以上から、RPS19 がヒト細胞においてがん抑制活性を示し、SET との相互作用を介して SET
の機能を阻害することによって、p53 の転写活性化能を制御していることが示唆された。
第 2 章：GRWD1 による p53 転写活性化能の制御機構の解明
GRWD1 は DNA 複製前複合体(pre-RC)の形成において重要な Cdt1 の新規結合因子として同定
されたタンパク質である。

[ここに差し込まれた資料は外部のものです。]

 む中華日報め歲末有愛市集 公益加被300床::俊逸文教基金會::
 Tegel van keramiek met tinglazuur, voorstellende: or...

GRWD1 はヒストンシャペロンとして機能し、複製ヘリカーゼである
MCM のローディングを促進すること、複製開始領域だけでなくゲノムワイドにクロマチン構造
を制御すること、がん細胞で過剰発現しており、細胞のがん化を促進することが報告されていた。

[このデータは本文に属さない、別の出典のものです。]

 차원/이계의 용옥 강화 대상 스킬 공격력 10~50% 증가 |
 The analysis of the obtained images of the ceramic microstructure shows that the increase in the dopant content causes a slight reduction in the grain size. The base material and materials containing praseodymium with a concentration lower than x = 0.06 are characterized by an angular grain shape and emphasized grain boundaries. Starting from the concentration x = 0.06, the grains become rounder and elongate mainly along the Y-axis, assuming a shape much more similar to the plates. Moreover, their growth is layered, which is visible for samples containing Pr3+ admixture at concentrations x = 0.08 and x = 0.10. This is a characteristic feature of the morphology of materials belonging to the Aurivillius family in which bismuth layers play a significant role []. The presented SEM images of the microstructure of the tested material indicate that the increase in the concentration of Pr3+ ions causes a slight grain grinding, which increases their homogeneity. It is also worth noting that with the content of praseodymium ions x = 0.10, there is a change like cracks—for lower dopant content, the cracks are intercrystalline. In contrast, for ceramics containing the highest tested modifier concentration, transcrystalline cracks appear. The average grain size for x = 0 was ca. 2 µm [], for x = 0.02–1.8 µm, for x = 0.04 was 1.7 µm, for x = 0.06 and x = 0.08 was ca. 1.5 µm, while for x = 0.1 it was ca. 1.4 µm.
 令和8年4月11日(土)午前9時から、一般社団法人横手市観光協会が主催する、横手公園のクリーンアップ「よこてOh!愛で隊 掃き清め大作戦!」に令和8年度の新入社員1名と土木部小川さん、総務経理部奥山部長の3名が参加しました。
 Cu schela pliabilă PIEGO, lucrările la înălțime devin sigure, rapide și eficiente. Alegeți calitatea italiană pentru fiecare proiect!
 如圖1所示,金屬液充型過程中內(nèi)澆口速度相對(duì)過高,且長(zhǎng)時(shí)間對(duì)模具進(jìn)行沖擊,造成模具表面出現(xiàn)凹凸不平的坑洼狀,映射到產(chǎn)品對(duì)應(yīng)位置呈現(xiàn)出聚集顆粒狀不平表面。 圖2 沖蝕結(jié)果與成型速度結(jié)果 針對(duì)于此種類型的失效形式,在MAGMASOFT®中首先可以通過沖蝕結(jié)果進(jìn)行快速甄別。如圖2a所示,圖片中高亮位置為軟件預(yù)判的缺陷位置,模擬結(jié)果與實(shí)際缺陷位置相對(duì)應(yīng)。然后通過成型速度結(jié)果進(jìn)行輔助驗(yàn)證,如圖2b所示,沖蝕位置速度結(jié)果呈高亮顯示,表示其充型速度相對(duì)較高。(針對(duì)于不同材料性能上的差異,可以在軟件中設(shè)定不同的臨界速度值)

また、GRWD1 が p53 の標的遺伝子のプロモーター上に結合する可能性も示されていた。以上の
知見から、本研究では、GRWD1 が p53 の転写活性化能を抑制することによっても発がんを促進
する可能性を検討することにした。
先行研究において、GRWD1 が p53 による p21 転写反応を抑制すること、および p53 依存的
に p21 遺伝子プロモーターに結合することが示唆されていた。しかしながら、GRWD1 と p53 の
詳細な結合様式や、GRWD1 による p53 の転写抑制機構は明らかではなかった。そこで私は、
GRWD1 と p53 の機能的および物理的な相互作用について詳細な解析を開始した。
まず、ChIP-qPCR 解析によって GRWD1 の MDM2 遺伝子プロモーターへの結合を調査した。
その結果、GRWD1 は p21 遺伝子だけでなく、MDM2 遺伝子のプロモーター領域にも p53 依存
的に結合することが示唆された。また、FAIRE-qPCR 解析によって、GRWD1 発現抑制時の p21
プロモーター領域のクロマチン構造を調査した結果、GRWD1 がストレス時の p21 プロモーター
領域のクロマチンオープネスを抑制することが示唆された。次に、精製タンパク質を用いたプル
ダウンアッセイによって、GRWD1 が p53 と直接結合することが示唆された。さらに、GRWD1
および p53 の部位欠失変異体を用いて結合部位を調査したところ、GRWD1 の N 末端領域と p53
の DNA 結合ドメインがそれらの結合に重要であることを明らかにした。最後に、公共のデータ
ベースを用いてメラノーマ患者におけるデータを解析したところ、p53 野生型の患者群では、
GRWD1 高発現群は低発現群より有意に予後不良であったが、p53 変異型の群では、GRWD1 の
発現量の高低と予後との相関は見られなかった。また、p53 野生型、かつ、GRWD1 高発現の患
者群では、p53 標的遺伝子である GADD45A および NOXA の発現低下が認められ、それらの症
例は有意に予後不良であった。
以上から、GRWD1 が p53 と直接結合することにより p53 の転写活性化能を抑制すること、そ
してその結果がんの進行を促進する可能性が考えられる。